MovePose: A High-performance Human Pose Estimation Algorithm on Mobile and Edge Devices

We present MovePose, an optimized lightweight convolutional neural network designed specifically for real-time body pose estimation on CPU-based mobile devices. The current solutions do not provide satisfactory accuracy and speed for human posture estimation, and MovePose addresses this gap. It aims to maintain real-time performance while improving the accuracy of human posture estimation for mobile devices. The network produces 17 keypoints for each individual at a rate exceeding 11 frames per second, making it suitable for real-time applications such as fitness tracking, sign language interpretation, and advanced mobile human posture estimation. Our MovePose algorithm has attained an Mean Average Precision (mAP) score of 67.7 on the COCO \cite{cocodata} validation dataset.
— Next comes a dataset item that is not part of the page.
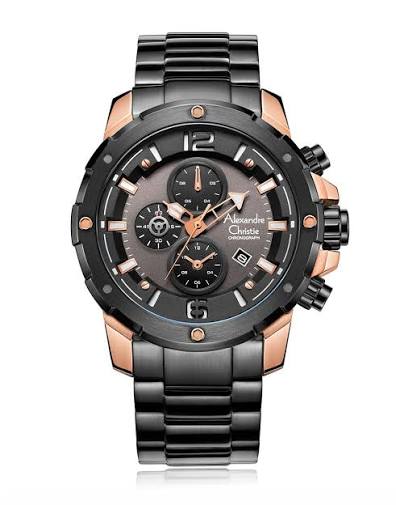 Jam Tangan Pria Alexandre Christie AC 6323 Black Rosegold Stainless steel

The MovePose algorithm displayed efficiency with a performance of 69+ frames per second (fps) when run on an Intel i9-10920x CPU. Additionally, it showcased an increased performance of 452+ fps on an NVIDIA RTX3090 GPU. On an Android phone equipped with a Snapdragon 8 + 4G processor, the fps reached above 11. To enhance accuracy, we incorporated three techniques: deconvolution, large kernel convolution, and coordinate classification methods. Compared to basic upsampling, deconvolution is trainable, improves model capacity, and enhances the receptive field. Large kernel convolution strengthens these properties at a decreased computational cost. In summary, MovePose provides high accuracy and real-time performance, marking it a potential tool for a variety of applications, including those focused on mobile-side human posture estimation. The code and models for this algorithm will be made publicly accessible.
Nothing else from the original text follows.